━━━━━ Collected material

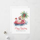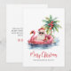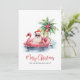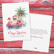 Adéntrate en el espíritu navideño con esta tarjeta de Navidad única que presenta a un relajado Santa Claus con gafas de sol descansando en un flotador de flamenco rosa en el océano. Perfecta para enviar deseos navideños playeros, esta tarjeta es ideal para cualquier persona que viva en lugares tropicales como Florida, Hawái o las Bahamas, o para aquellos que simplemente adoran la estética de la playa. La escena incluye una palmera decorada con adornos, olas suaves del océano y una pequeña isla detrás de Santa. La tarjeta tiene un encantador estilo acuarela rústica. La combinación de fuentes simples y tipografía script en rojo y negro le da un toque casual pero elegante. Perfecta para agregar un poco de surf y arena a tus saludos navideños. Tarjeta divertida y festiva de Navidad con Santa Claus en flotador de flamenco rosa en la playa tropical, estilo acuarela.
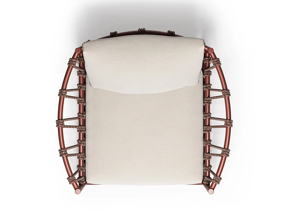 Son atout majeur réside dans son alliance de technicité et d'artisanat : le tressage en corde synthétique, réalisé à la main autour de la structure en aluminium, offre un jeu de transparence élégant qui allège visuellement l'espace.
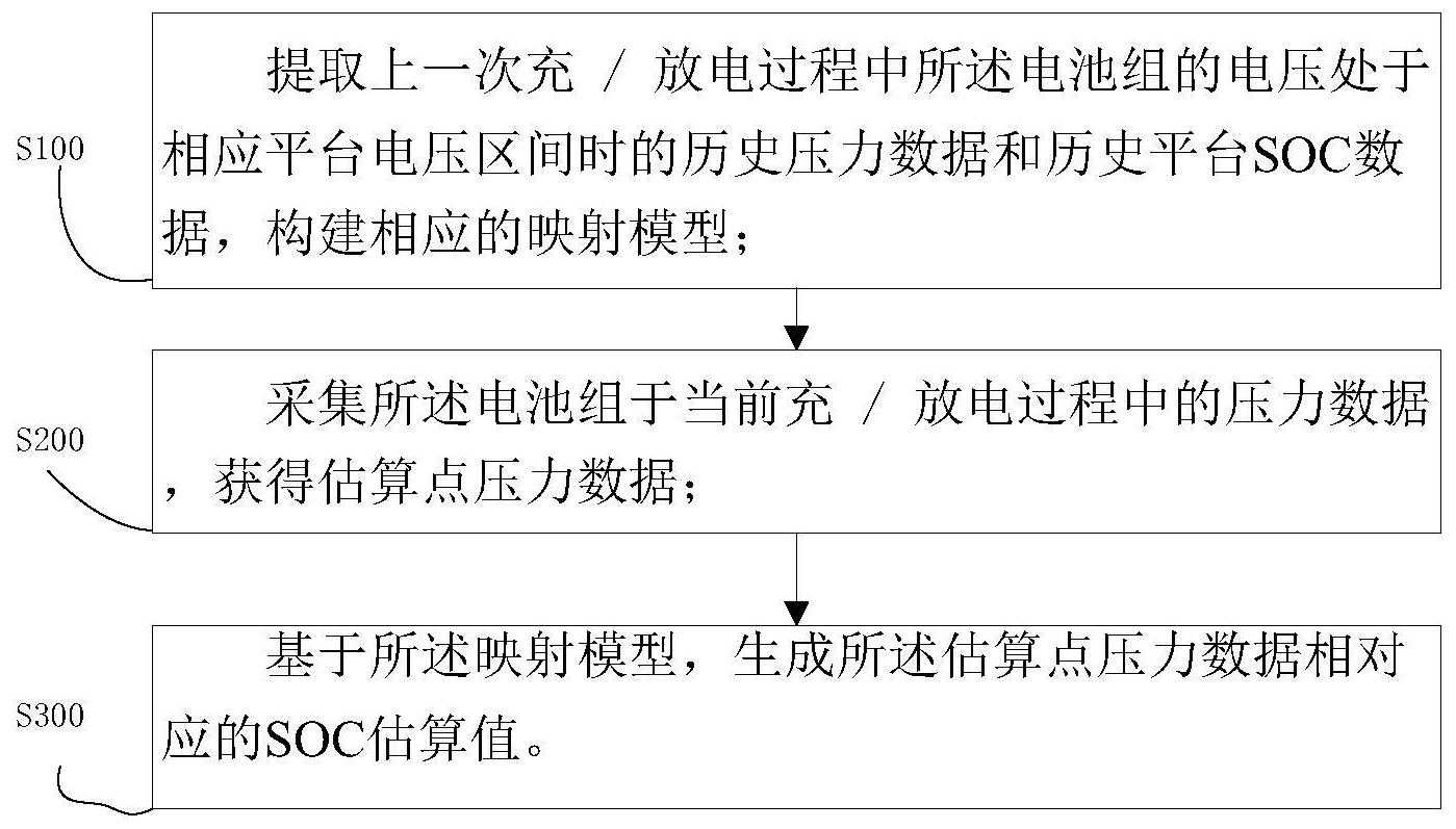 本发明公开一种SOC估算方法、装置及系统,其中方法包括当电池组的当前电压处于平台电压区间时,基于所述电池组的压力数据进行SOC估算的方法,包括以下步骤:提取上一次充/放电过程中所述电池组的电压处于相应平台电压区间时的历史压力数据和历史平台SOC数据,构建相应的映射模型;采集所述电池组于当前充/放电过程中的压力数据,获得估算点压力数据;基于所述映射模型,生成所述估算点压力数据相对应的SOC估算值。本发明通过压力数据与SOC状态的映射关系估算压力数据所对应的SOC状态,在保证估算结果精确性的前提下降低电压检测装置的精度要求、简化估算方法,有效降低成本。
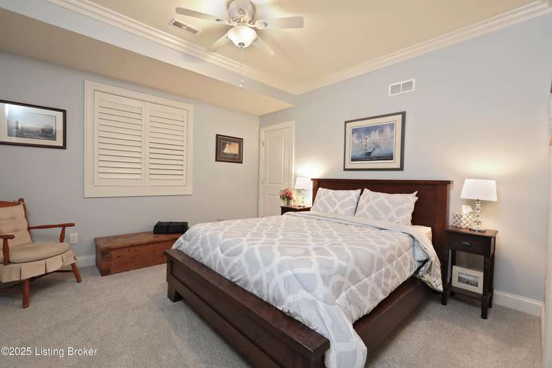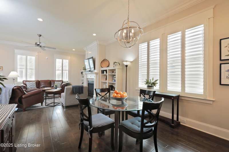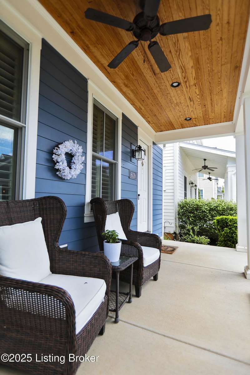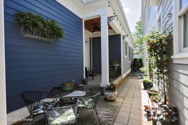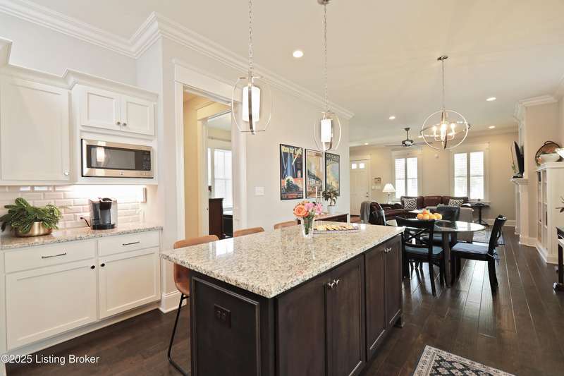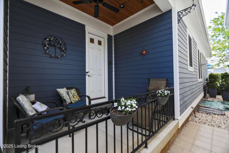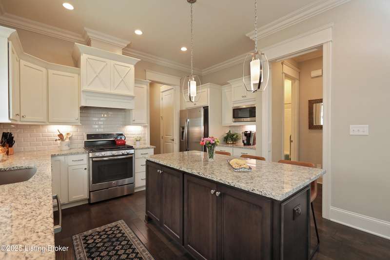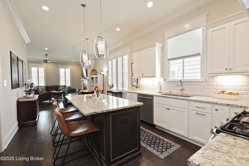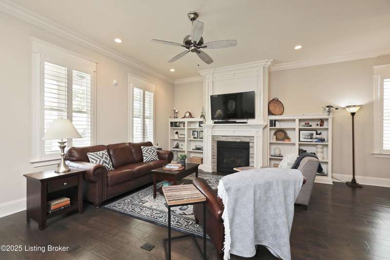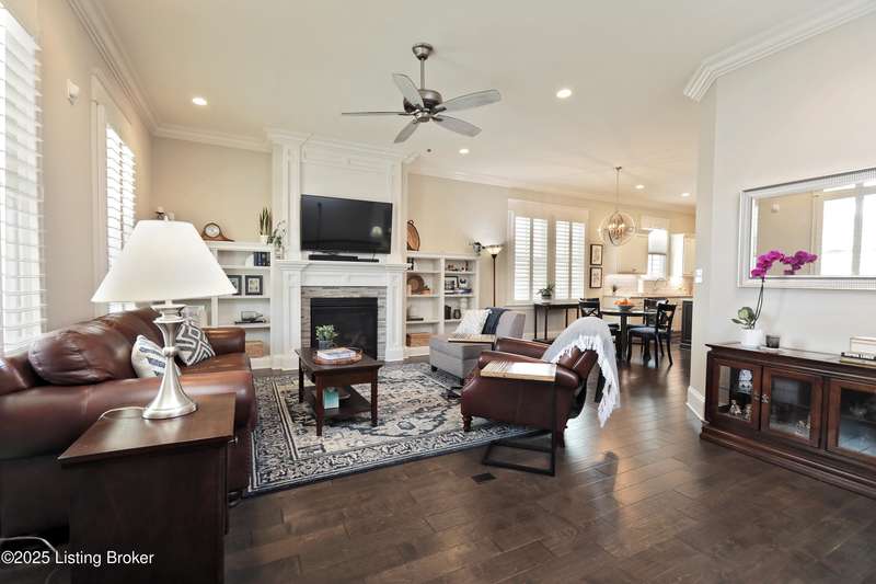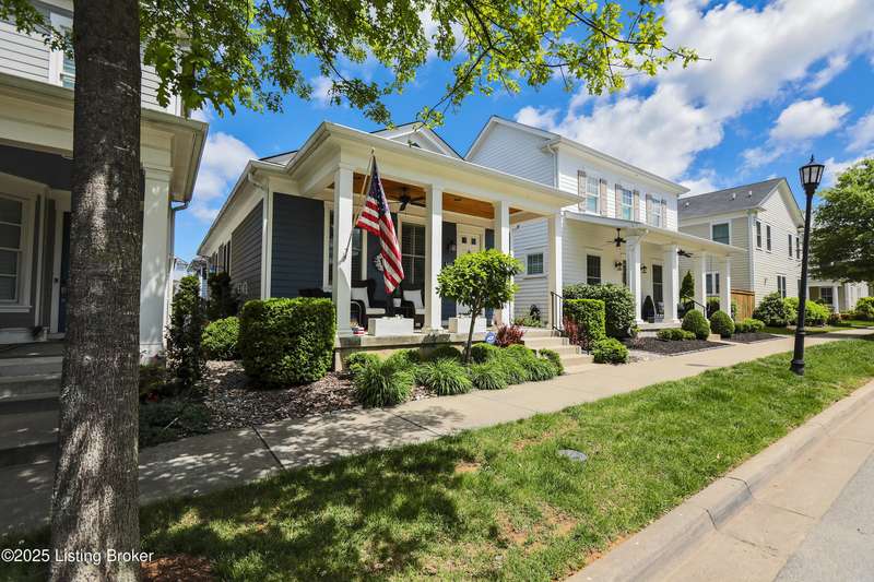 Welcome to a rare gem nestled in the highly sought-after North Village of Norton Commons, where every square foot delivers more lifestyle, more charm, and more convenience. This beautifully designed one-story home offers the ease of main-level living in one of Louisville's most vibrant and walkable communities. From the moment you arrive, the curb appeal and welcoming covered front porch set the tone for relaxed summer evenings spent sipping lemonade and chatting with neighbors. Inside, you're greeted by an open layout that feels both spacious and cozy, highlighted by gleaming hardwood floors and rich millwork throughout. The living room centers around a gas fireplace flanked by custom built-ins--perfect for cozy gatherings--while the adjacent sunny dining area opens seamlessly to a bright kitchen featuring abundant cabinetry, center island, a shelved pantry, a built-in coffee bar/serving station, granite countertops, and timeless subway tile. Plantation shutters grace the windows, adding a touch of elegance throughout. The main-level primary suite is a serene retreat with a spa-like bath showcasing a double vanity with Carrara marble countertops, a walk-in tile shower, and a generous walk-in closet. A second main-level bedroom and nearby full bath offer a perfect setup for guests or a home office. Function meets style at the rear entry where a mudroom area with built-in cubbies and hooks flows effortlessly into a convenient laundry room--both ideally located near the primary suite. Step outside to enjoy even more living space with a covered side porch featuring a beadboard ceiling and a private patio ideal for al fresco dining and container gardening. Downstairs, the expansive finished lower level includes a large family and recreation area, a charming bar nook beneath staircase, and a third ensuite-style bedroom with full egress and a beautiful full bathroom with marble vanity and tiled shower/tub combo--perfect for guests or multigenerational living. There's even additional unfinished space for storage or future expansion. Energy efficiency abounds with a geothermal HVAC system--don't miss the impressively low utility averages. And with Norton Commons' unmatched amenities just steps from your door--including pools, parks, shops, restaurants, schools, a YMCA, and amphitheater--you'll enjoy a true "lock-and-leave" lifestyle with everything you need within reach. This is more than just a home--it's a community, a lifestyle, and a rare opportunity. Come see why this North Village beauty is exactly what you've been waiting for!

━━━━━━━━━━

● **Requirement**
The answer is the full listing above, repeated exactly, with its pictures removed.

● **Expected output**
 Adéntrate en el espíritu navideño con esta tarjeta de Navidad única que presenta a un relajado Santa Claus con gafas de sol descansando en un flotador de flamenco rosa en el océano. Perfecta para enviar deseos navideños playeros, esta tarjeta es ideal para cualquier persona que viva en lugares tropicales como Florida, Hawái o las Bahamas, o para aquellos que simplemente adoran la estética de la playa. La escena incluye una palmera decorada con adornos, olas suaves del océano y una pequeña isla detrás de Santa. La tarjeta tiene un encantador estilo acuarela rústica. La combinación de fuentes simples y tipografía script en rojo y negro le da un toque casual pero elegante. Perfecta para agregar un poco de surf y arena a tus saludos navideños. Tarjeta divertida y festiva de Navidad con Santa Claus en flotador de flamenco rosa en la playa tropical, estilo acuarela.
 Son atout majeur réside dans son alliance de technicité et d'artisanat : le tressage en corde synthétique, réalisé à la main autour de la structure en aluminium, offre un jeu de transparence élégant qui allège visuellement l'espace.
 本发明公开一种SOC估算方法、装置及系统,其中方法包括当电池组的当前电压处于平台电压区间时,基于所述电池组的压力数据进行SOC估算的方法,包括以下步骤:提取上一次充/放电过程中所述电池组的电压处于相应平台电压区间时的历史压力数据和历史平台SOC数据,构建相应的映射模型;采集所述电池组于当前充/放电过程中的压力数据,获得估算点压力数据;基于所述映射模型,生成所述估算点压力数据相对应的SOC估算值。本发明通过压力数据与SOC状态的映射关系估算压力数据所对应的SOC状态,在保证估算结果精确性的前提下降低电压检测装置的精度要求、简化估算方法,有效降低成本。
 Welcome to a rare gem nestled in the highly sought-after North Village of Norton Commons, where every square foot delivers more lifestyle, more charm, and more convenience. This beautifully designed one-story home offers the ease of main-level living in one of Louisville's most vibrant and walkable communities. From the moment you arrive, the curb appeal and welcoming covered front porch set the tone for relaxed summer evenings spent sipping lemonade and chatting with neighbors. Inside, you're greeted by an open layout that feels both spacious and cozy, highlighted by gleaming hardwood floors and rich millwork throughout. The living room centers around a gas fireplace flanked by custom built-ins--perfect for cozy gatherings--while the adjacent sunny dining area opens seamlessly to a bright kitchen featuring abundant cabinetry, center island, a shelved pantry, a built-in coffee bar/serving station, granite countertops, and timeless subway tile. Plantation shutters grace the windows, adding a touch of elegance throughout. The main-level primary suite is a serene retreat with a spa-like bath showcasing a double vanity with Carrara marble countertops, a walk-in tile shower, and a generous walk-in closet. A second main-level bedroom and nearby full bath offer a perfect setup for guests or a home office. Function meets style at the rear entry where a mudroom area with built-in cubbies and hooks flows effortlessly into a convenient laundry room--both ideally located near the primary suite. Step outside to enjoy even more living space with a covered side porch featuring a beadboard ceiling and a private patio ideal for al fresco dining and container gardening. Downstairs, the expansive finished lower level includes a large family and recreation area, a charming bar nook beneath staircase, and a third ensuite-style bedroom with full egress and a beautiful full bathroom with marble vanity and tiled shower/tub combo--perfect for guests or multigenerational living. There's even additional unfinished space for storage or future expansion. Energy efficiency abounds with a geothermal HVAC system--don't miss the impressively low utility averages. And with Norton Commons' unmatched amenities just steps from your door--including pools, parks, shops, restaurants, schools, a YMCA, and amphitheater--you'll enjoy a true "lock-and-leave" lifestyle with everything you need within reach. This is more than just a home--it's a community, a lifestyle, and a rare opportunity. Come see why this North Village beauty is exactly what you've been waiting for!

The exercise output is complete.